One aspect of microgel synthesis that is an essential consideration of core/shell particle behavior is the creation of a radially distributed crosslinker density gradient during particle formation. It has been shown that during particle growth, the crosslinker is statistically incorporated faster than other constituent monomers, leading to the creation of a radial distribution of crosslinks.[1,2,37,43,44] An illustrative model of the resultant particle morphology is shown in Fig. 5. Because the crosslinker is incorporated fastest, polymer chains toward the particle interior possess a greater number of crosslinking points per chain than those toward the particle exterior. However, this same population of loosely crosslinked chains will be hindered from reaching their fully extended state in the presence of added polymer (e.g., shell). The average number of chains that will be perturbed will differ according to the initial cross-linker concentration, with lower mol% crosslinked particles having a higher average number of loosely cross-linked chains near the periphery than highly crosslinked particles that do not have a gradient morphology.[45,46]
The thermodynamic and morphological impact of a hydrogel shell on a hydrogel core particle can be studied with a chosen experimental design relying on a pH- and temperature-responsive core particle, upon which a temperature-responsive, pH-innocent material is added. In this fashion, the shell-induced modulation of the pH response and thermoresponsivity of the core particle can be studied. The well-investigated pH/thermoresponsive hydrogel, pNIPAm-co-AAc, was chosen as the core material and a pH-innocent pNIPAm shell was added. The core/shell particles used for illustration are simply the inverse of those discussed above. In this previous case, the thermodynamics of particle deswelling was investigated, whereas the mechanical properties of this core/shell system are now being presented.

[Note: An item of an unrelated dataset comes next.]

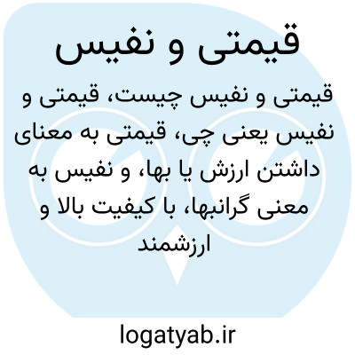 قیمتی به معنای داشتن ارزش یا بها، و نفیس به معنی گرانبها، با کیفیت بالا و ارزشمند است. ترکیب «قیمتی و نفیس» به اشیاء یا کالاهایی اشاره دارد که از نظر قیمت و کیفیت هر دو ممتاز و ویژه میباشند، مانند جواهرات یا آثار هنری.

As shown in Fig. 6, a size decrease is observed at all temperatures and at pH 6.5 for these core particles following shell addition, suggesting that the pH-induced swelling of the core is now restricted by the presence of the shell. Indeed, below 31 °C, the volume of the core/shell particle is only 40% of the parent core particle volume at pH 6.5. In addition to mediating the solvation of the core, the added pNIPAm shell also controls the overall particle deswelling behavior above the polymer LCST by forcing the charged microgel core to undergo a volume phase transition. The added shell compresses the charged core at the LCST of neutral pNIPAm, despite the resistance of the parent core particle to deswelling when the AAc moieties are deprotonated.
Fig. 5 The synthesis of pNIPAm microgels via precipitation polymerization creates a radial crosslinker density gradient. Polymer chains near the particle periphery have fewer cross-linker points between chains than those located toward the interior. The various subchain lengths between crosslinking points affect particle deswelling as described in the text.